*Task details:* From the listing below, retype exactly the line holding "Broken Twill Reversible", the line holding "лук освободить от", and the lines between them; skip everything else.

*Provided entries:*
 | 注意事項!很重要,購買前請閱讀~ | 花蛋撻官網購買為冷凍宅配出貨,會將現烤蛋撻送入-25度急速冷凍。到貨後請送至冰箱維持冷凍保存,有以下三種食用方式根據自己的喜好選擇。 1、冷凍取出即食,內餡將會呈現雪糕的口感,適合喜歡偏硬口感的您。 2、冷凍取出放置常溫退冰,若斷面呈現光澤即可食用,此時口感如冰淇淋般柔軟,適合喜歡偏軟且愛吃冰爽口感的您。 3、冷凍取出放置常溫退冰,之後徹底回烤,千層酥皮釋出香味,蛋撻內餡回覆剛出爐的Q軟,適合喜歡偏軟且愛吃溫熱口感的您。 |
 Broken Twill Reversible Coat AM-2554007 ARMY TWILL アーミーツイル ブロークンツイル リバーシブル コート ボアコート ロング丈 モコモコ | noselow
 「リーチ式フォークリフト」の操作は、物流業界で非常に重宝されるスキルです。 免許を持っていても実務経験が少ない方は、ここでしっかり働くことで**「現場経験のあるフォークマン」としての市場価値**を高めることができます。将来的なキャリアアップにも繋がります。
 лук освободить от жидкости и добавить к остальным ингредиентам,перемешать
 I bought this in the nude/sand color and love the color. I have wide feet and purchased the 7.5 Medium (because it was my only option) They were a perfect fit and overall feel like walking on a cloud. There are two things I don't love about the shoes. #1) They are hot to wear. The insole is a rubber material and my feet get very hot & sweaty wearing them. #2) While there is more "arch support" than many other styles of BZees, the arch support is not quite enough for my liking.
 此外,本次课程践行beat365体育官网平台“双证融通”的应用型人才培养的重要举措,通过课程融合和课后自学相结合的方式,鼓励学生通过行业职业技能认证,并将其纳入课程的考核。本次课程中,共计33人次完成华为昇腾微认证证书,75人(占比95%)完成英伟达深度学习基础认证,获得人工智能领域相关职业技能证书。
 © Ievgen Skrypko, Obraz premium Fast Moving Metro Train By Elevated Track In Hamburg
==
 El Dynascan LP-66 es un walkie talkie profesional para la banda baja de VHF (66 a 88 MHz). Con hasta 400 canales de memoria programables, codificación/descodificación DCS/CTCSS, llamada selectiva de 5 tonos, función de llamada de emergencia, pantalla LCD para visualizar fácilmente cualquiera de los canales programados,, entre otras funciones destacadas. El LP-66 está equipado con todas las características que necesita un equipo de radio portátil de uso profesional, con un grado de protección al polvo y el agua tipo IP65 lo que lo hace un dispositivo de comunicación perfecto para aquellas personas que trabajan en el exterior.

*Exercise response:*
 Broken Twill Reversible Coat AM-2554007 ARMY TWILL アーミーツイル ブロークンツイル リバーシブル コート ボアコート ロング丈 モコモコ | noselow
 「リーチ式フォークリフト」の操作は、物流業界で非常に重宝されるスキルです。 免許を持っていても実務経験が少ない方は、ここでしっかり働くことで**「現場経験のあるフォークマン」としての市場価値**を高めることができます。将来的なキャリアアップにも繋がります。
 лук освободить от жидкости и добавить к остальным ингредиентам,перемешать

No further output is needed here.